> _Data extract_
☆ ☆ ☆ ☆
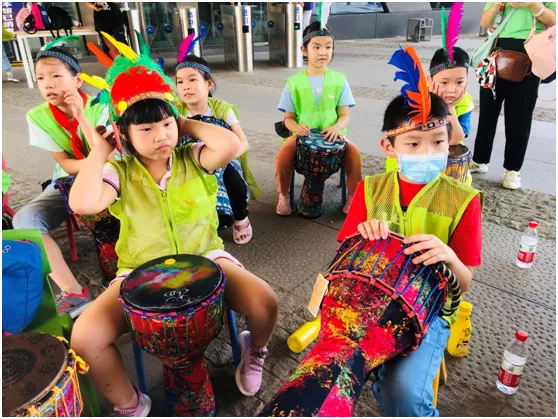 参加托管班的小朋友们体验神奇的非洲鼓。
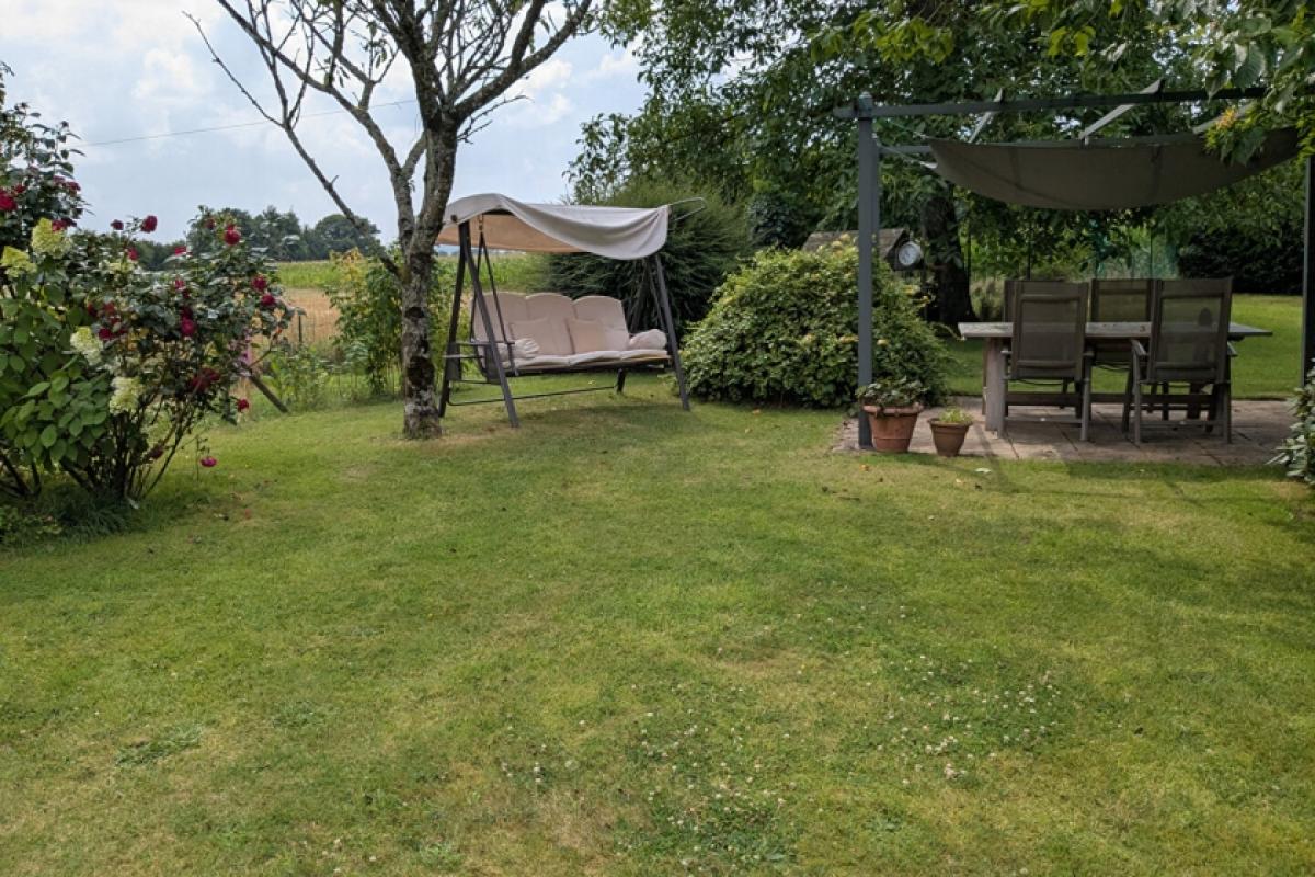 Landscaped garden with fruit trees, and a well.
☆ ☆ ☆ ☆
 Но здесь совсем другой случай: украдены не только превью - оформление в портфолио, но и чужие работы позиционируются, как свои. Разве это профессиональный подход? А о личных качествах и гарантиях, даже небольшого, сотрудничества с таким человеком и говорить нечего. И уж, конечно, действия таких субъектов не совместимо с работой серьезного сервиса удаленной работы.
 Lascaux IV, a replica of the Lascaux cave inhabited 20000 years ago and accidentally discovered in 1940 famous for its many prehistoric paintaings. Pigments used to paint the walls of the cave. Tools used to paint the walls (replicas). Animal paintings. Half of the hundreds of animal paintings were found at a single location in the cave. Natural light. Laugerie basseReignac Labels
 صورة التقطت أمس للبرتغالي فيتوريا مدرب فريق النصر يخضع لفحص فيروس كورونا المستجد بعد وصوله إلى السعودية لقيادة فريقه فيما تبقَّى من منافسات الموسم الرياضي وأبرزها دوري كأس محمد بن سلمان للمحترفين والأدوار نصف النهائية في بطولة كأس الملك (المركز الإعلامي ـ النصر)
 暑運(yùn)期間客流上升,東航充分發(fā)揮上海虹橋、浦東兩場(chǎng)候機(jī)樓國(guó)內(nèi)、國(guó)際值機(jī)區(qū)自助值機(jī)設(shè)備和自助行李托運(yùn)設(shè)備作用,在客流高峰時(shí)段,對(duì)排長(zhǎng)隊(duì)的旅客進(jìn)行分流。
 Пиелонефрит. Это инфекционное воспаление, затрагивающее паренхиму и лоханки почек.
☆ ☆ ☆ ☆
Leave out every picture, and copy exactly the lines above starting at the one holding "参加托管班的小朋友们体验神奇的非洲鼓。" and ending at the one holding "Landscaped garden with", no more and no less.

> _Exercise solution_
 参加托管班的小朋友们体验神奇的非洲鼓。
 Landscaped garden with fruit trees, and a well.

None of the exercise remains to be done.